写给程序员的机器学习入门 (十二) - 脸部关键点检测

在前几篇文章中我们看到了怎样检测图片上的物体，例如人脸，那么把实现人脸识别的时候是不是可以把图片中的人脸截取出来再交给识别人脸的模型呢？下面的流程是可行的，但因为人脸的范围不够准确，截取出来的人脸并不在图片的正中心，对于识别人脸的模型来说，数据质量不够好就会导致识别的效果打折。

这一篇文章会介绍如何使用机器学习检测脸部关键点 (眼睛鼻子嘴巴的位置)，检测图片上的人脸以后，再检测脸部关键点，然后基于脸部关键点来调整人脸范围，再根据调整后的人脸范围截取人脸并交给后面的模型，即可提升数据质量改善识别效果。

脸部关键点检测模型

脸部关键点检测模型其实就是普通的 CNN 模型，在第八篇文章中已经介绍过🤒，第八篇文章中，输入是图片，输出是分类 (例如动物的分类，或者验证码中的字母分类)。而这一篇文章输入同样是图片，输出则是各个脸部关键点的坐标：

我们会让模型输出五个关键点 (左眼中心，右眼中心，鼻尖，嘴巴左边角，嘴巴右边角) 的 x 坐标与 y 坐标，合计一共 10 个输出。

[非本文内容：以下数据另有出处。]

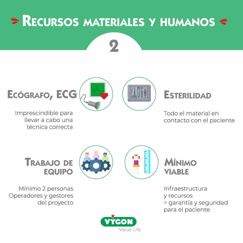 Tener unos catéteres de buena calidad, material estéril para respetar las condiciones de asepsia que requiere la técnica. Poder trabajar en una sala, un habitáculo también tiene mucha importancia tanto para hacer el procedimiento como para existir físicamente para los demás servicios.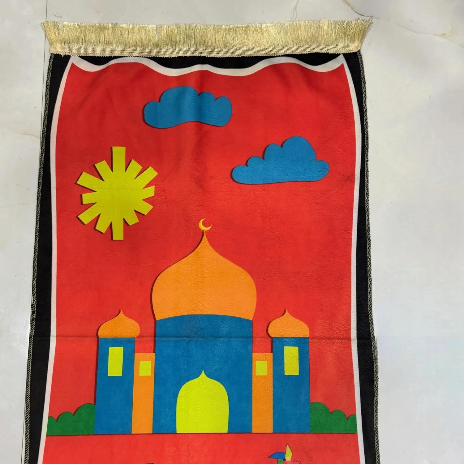 HADIYAH Rectangle Adventure Kids Design Premium Janamaz | Prayer Mat with Name Customisation Option | Soft Velvet Prayer Rug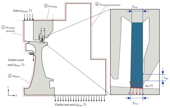 At the inlet, the total pressure and temperature are set according to the respective measured values from the experiments. At the outlets, the static pressures and temperatures are specified. At the outer surfaces ①–④ appropriate heat transfer boundary conditions are defined. Along the outer contour of the rotor, a circumferential speed corresponding to the tests is set. In the detailed section in Figure 1, it can be seen that the specific total frictional power loss is applied to the contact area between the seal and rotor: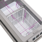 - Grote inhoud: de koelbox heeft een koelzone die voldoende opbergruimte biedt voor het bewaren van je dranken, fruit, groente, ijs en vlees. De uitneembare mand is ook praktisch om de binnenruimte aan te passen en je verschillende etenswaren te ordenen.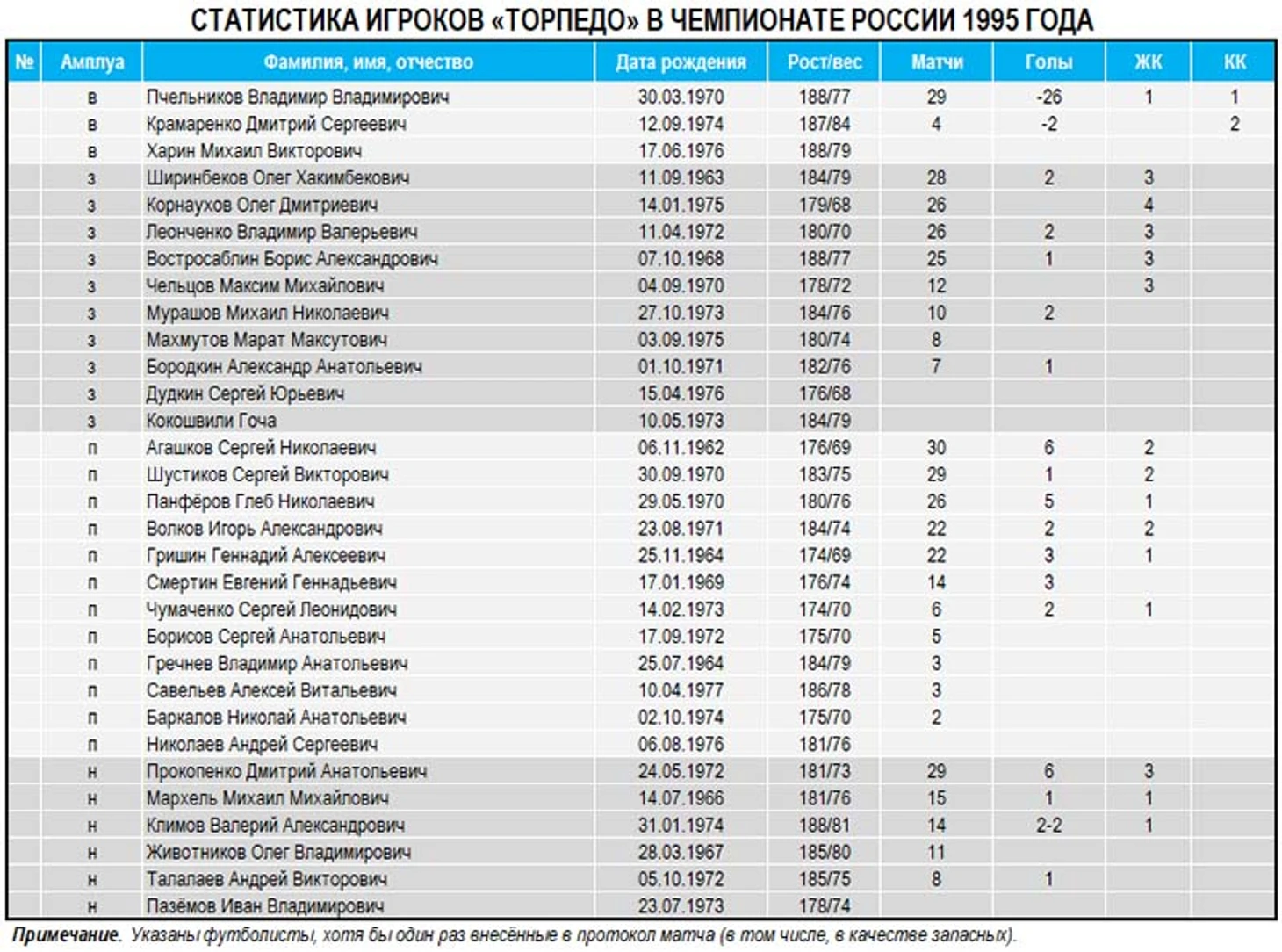 «Торпедо». 30 лет в российском футболе! 1995 год, возвращение в первую пятёрку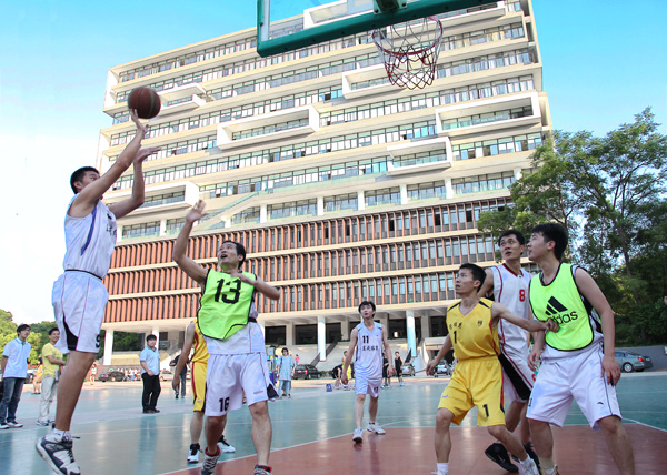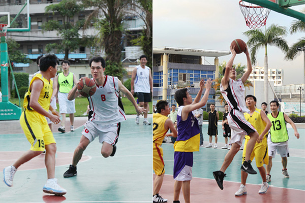 5月9日,教职工篮球精英对抗赛决赛在教工篮球场进行。教工联队、体育教学部代表队、总务处员工代表队、保卫队员代表队进入最后四强的争夺。

模型输出的坐标值范围会落在 -1 ~ 1 之间，这是把图片左上角视为 -1,-1，右下角视为 1,1 以后正规化的坐标值。不使用绝对值的原因是机器学习模型并不适合处理较大的值，并且使用相对坐标可以让处理不同大小图片的逻辑更加简单。你可能会问为什么不像前一篇介绍的 YOLO 一样，让坐标值范围落在 0 ~ 1 之间，这是因为下面会使用仿射变换来增加人脸样本，而仿射变换要求相对坐标在 -1 ~ 1 之间，让坐标值范围落在 -1 ~ 1 之间可以省掉转换的步骤。

训练使用的数据集

准备数据集是机器学习中最头疼的部分，一般来说我们需要上百度搜索人脸的图片，然后一张一张的截取，再手动标记各个器官的位置，但这样太苦累了😭。这篇还是像之前的文章一样，从网上找一个现成的数据集来训练，偷个懒🤗。

使用的数据集：

https://www.kaggle.com/drgilermo/face-images-with-marked-landmark-points

下载回来以后可以看到以下的文件：

face_images.npz
facial_keypoints.csv

face_images.npz 是使用 zip 压缩后的 numpy 数据转储文件，把文件名改为 face_images.zip 以后再解压缩即可得到 face_images.npy 文件。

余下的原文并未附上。